町には必ずと言っていいほど、1つはある精米所。しかし、そのほとんどが無人の自動精米所になってしまっている。昔は管理者が1人でもおりお米の出来栄えや、生産方法などの技術向上のための情報交換場所として、そのほか地域の重要なコミュニティの場所として存在していた。
ここ、綾町では町の人達の希望で精米所を組合として、古くから経営してきた。そして、現在も有人として日々地域のために運営している。それが、「狩行司共同作業所」という精米所。ここの管理人の方にお話をお伺いしましたが、管理人の方のおばあちゃんの時代からあったというので、半世紀以上あるのではないだろうかという事。お店の看板も年季が入っており、中の精米機もアンティークのような風格である。でも、現在も現役で稼働している町の縁の下の力持ち。それだけ大事に使われている事が、そのツヤでわかる。

宮崎県綾町は「有機農業の町」として今では全国区になったが、農家を支えるまた別の農家の存在があり、農家の食をこういう形で支えている、外にはなかなか見えずらい地域の絆がしっかりとある。

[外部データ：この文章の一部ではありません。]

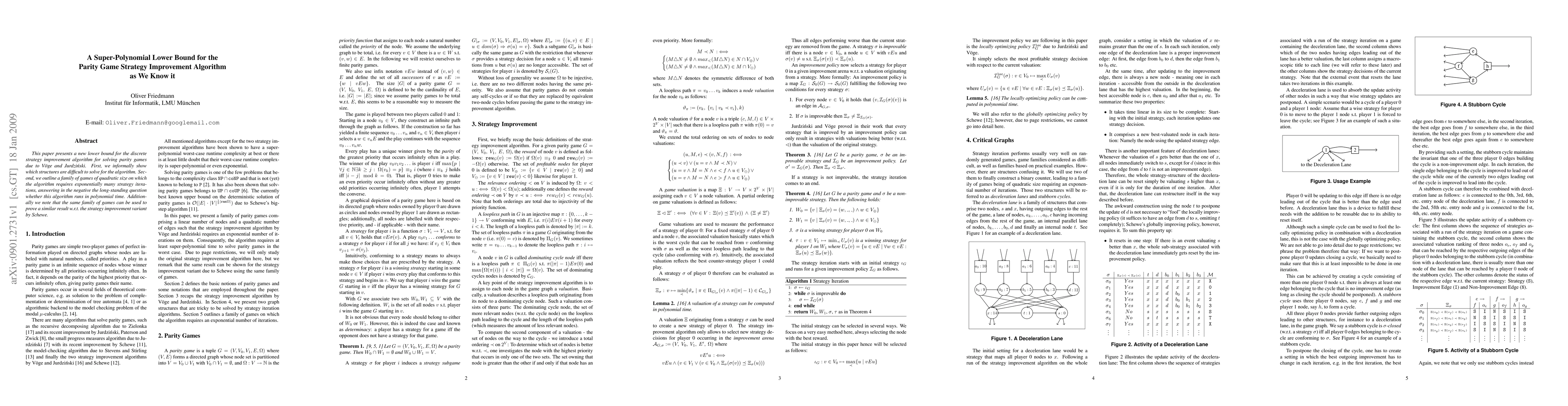 This paper establishes a super-polynomial lower bound for the strategy improvement algorithm used to solve parity games, demonstrating that it requires exponentially many iterations on certain quadratic-sized games. This result refutes the possibility of the algorithm running in polynomial time.
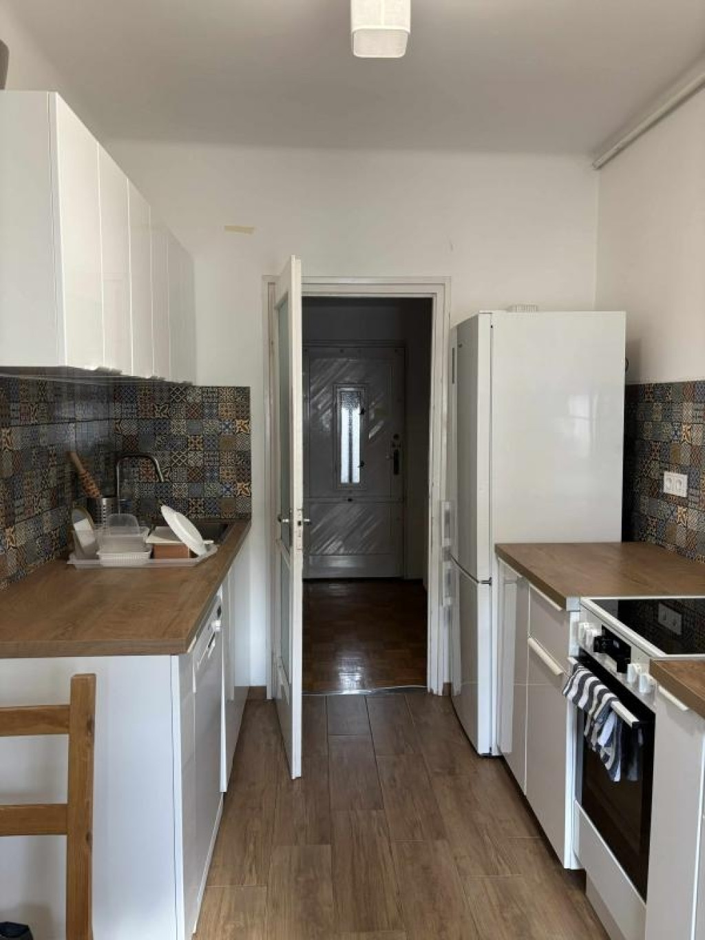 A lakás ablakai bár a forgalmas utcára néznek, mégis csendes és világos.
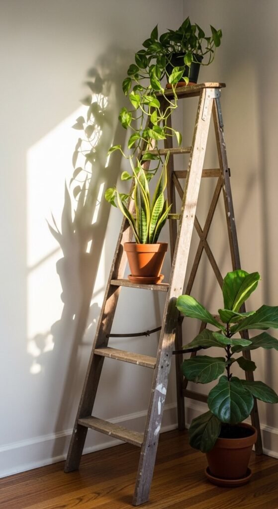 Find old wooden ladders at flea markets, estate sales, and Facebook Marketplace for $10–$40. Paint it or leave it raw depending on your interior style. Four to six plants on a ladder costs less than a single purpose-built plant stand and looks considerably more interesting.
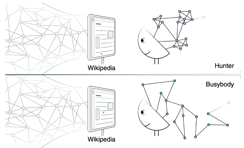 • “猎人(hunter)”:聚焦紧密相关的主题,频繁回访相似内容,形成高度聚类、路径较短的”紧密型网络”。
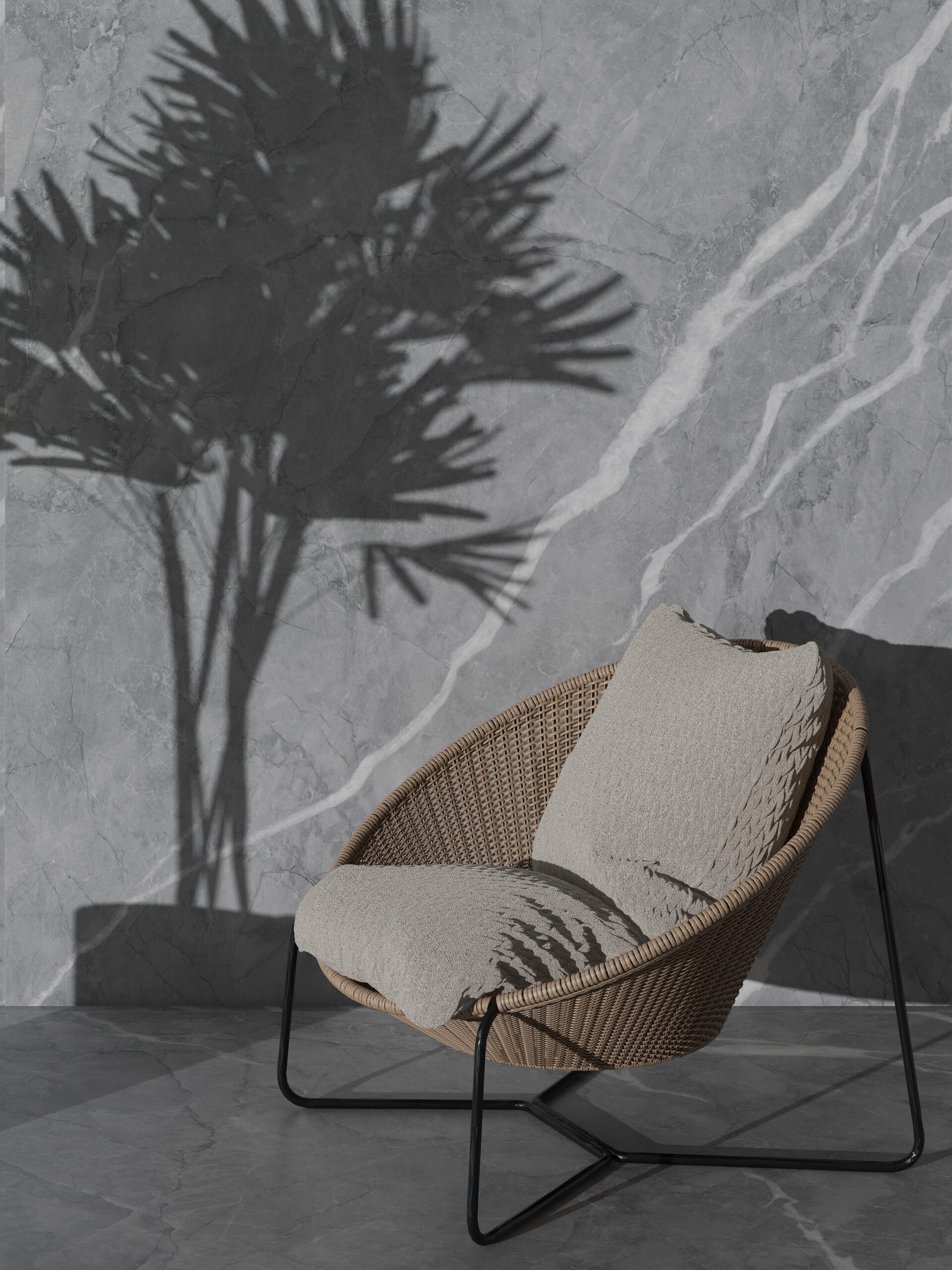 Uncover the rich dark grey base with contrasting white veins creating a captivating impact.
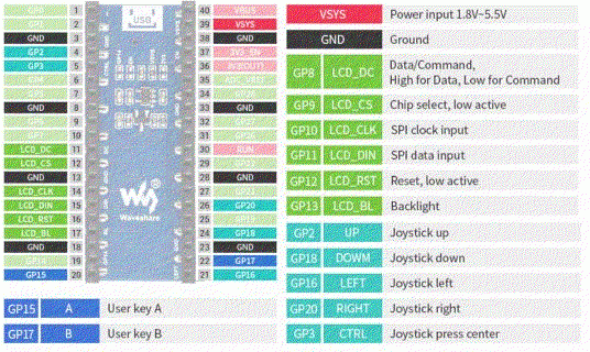 I have one of these boards and would like to know if it will be possible to use it on the Picomite Waveshare 1.14" LCD 240X135 Website says it uses an ST7789 Driver https://www.waveshare.com/pico-lcd-1.14.htm Has anyone managed to use one of these with the Picomite? If so could you share your OPTION SYSTEM SPI and OPTION LCD PANEL settings. It looks like there are some Pin conflicts, so is there a way to get around this? The Picomite Pin out diagram in the manual (pg. 9) shows Pins 31, 32 and 34 as being " SP2" pins, is this an error and they should be SPI2? ![]() ![]() Cheers |
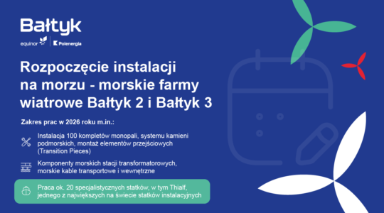 Trwa budowa morskich farm wiatrowych. Equinor i Polenergia zapraszają na kolejne spotkanie informacyjne w Ustce
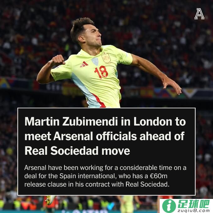 TA的报道指出,祖比门迪正在伦敦与阿森纳官员见面,并完成他从皇家社会转会至阿森纳的手续。阿森纳为签下祖比门迪曾经努力了很长时间,他与皇家社会的合同中包括6000万欧元(5170万英镑)的解约金条款。
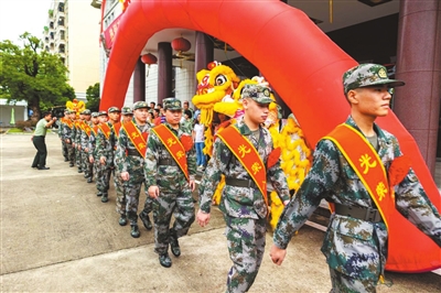 新兵們身穿戎裝、肩披紅綬帶,整齊列隊(duì)奔赴軍營。通訊員供圖
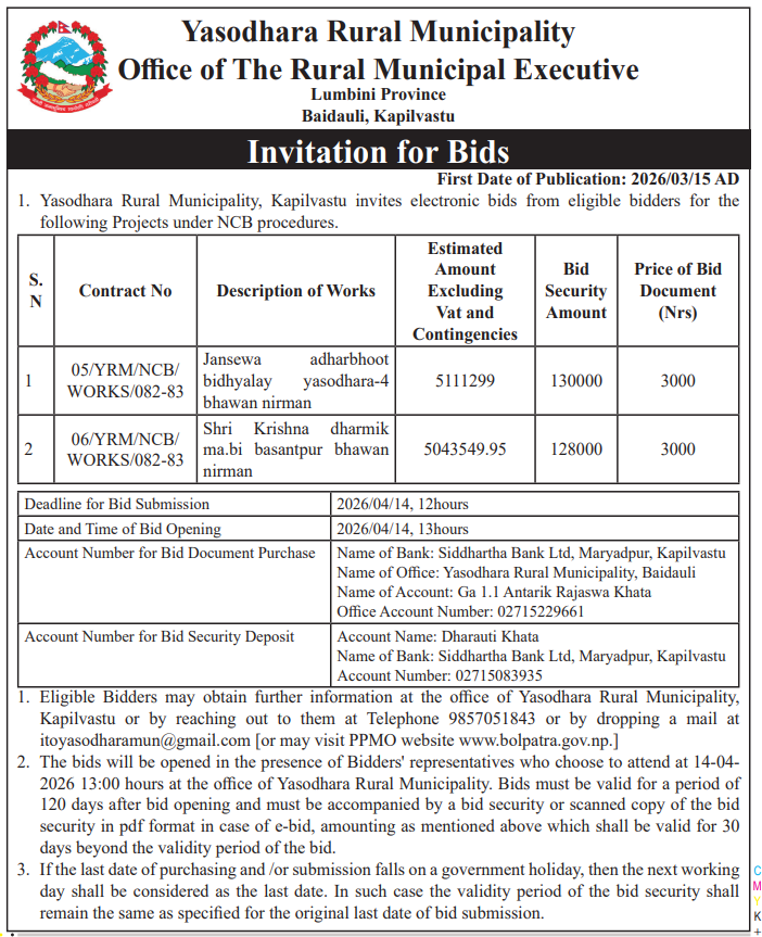 | 128 | Yasodhara Rural Municipality, Kapilvastu | Jansewa aadharbhoot bidhyalay yasodhara-4 bhawan nirman | 15/03/2026 | PPMO | 14/04/2026 | Click Here | |

綾町内では、お米を栽培する農家の数が年々、高齢化や後継者不足という問題で減少しており、また飼料米への転換を図る人も多くいるため精米所としての稼働が少なくなってきている現状もある。地域の宝が1つでも多く次の世代へ引き継いでいけるように、私達は綾町産のお米の消費を拡大するPRを今後も続けていきます。

100年後の未来への綾町の魅力を伝えるために。